The rapidly-escalating political fight over resettling Syrian refugees has already reached the halls of Congress, where senior Republicans want to use a critical government-funding bill to force President Obama’s hand.
GOP lawmakers are reacting in predictable fashion to reports that at least one of the terrorists involved in the Paris attacks had slipped into the country with refugees fleeing the chaos in Syria. Fearing a similar plot in the U.S., more than a dozen governors (including one Democrat) quickly demanded that the Obama administration keep refugees out of their states. But the real battle may be fought on Capitol Hill over the next several weeks, with an aggressive Republican push that could result in a government shutdown.
The White House and congressional leaders are now negotiating an enormous omnibus spending bill that will appropriate funds for the next 10 months according to the budget agreement that passed in October. That legislation—or another temporary measure—must pass by December 11, when current funding expires.
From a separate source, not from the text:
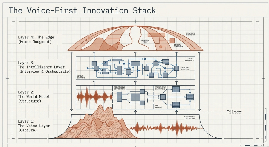L’edge ne rétrécit pas parce que le Voice Layer s’installe. Il grandit. Libérés du travail de synthèse après coup, les Innovation Managers peuvent investir plus de temps dans ce qui reste leur vrai travail, exercer un jugement que le système ne peut pas porter.
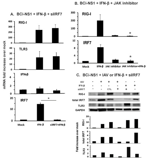3.1. IRF7 Knockdown Inhibited Influenza-Initiated RIG-I and IFN Induction, but not IFN-β-Mediated RIG-I Induction in Human Bronchial BCi-NS1.1 Cells

Senator Jeff Sessions, an immigration hard-liner from Alabama, on Monday sent a letter calling for more restrictions on the administration’s plan to admit more than 10,000 Syrian refugees into the U.S. over the next year, including a separate vote by Congress—which would never pass in the current political climate. “It is not sound policy to encourage millions to permanently abandon their homes,” Sessions wrote. “We have resettled 1.5 million migrants from Muslim nations in the United States since 9/11, and it clearly has not contributed to the stabilization of unstable regions.”